- _YOUR GOAL_:
The whole listing below must be printed again exactly, images excluded.

- _DATA SECTION_:
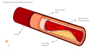 Also called hardening of the arteries is a process in which fat, other cells and calcium build up in the walls of blood vessels. It develops as chronic inflammation. It primarily affects large and medium blood vessels - heart vessels, aorta, common carotid artery, and brain arteries.
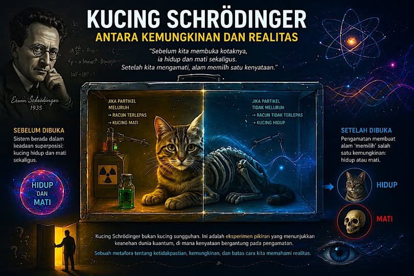 Ada sebuah kisah yang sering terdengar ganjil dalam dunia sains, sebuah kisah tentang seekor kucing yang pada saat yang sama bisa hidup dan mati. Kisah ini bukan dongeng, bukan pula cerita fiksi ilmiah dalam arti populer, melainkan sebuah eksperimen pikiran yang diperkenalkan oleh ilmuwan Erwin Schrödinger.
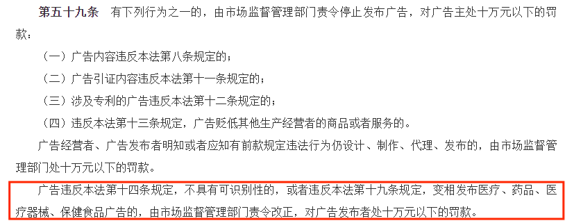 在《互聯(lián)網(wǎng)廣告管理辦法》將商業(yè)性質(zhì)的“種草”納入廣告范疇以后,其也需要受到廣告法的監(jiān)管。對于違規(guī)行為,《辦法》也給出了處罰標(biāo)準(zhǔn):互聯(lián)網(wǎng)廣告不具有可識別性的,依照廣告法第五十九條第三款規(guī)定予以處罰。

- _EXERCISE RESULT_:
 Also called hardening of the arteries is a process in which fat, other cells and calcium build up in the walls of blood vessels. It develops as chronic inflammation. It primarily affects large and medium blood vessels - heart vessels, aorta, common carotid artery, and brain arteries.
 Ada sebuah kisah yang sering terdengar ganjil dalam dunia sains, sebuah kisah tentang seekor kucing yang pada saat yang sama bisa hidup dan mati. Kisah ini bukan dongeng, bukan pula cerita fiksi ilmiah dalam arti populer, melainkan sebuah eksperimen pikiran yang diperkenalkan oleh ilmuwan Erwin Schrödinger.
 在《互聯(lián)網(wǎng)廣告管理辦法》將商業(yè)性質(zhì)的“種草”納入廣告范疇以后,其也需要受到廣告法的監(jiān)管。對于違規(guī)行為,《辦法》也給出了處罰標(biāo)準(zhǔn):互聯(lián)網(wǎng)廣告不具有可識別性的,依照廣告法第五十九條第三款規(guī)定予以處罰。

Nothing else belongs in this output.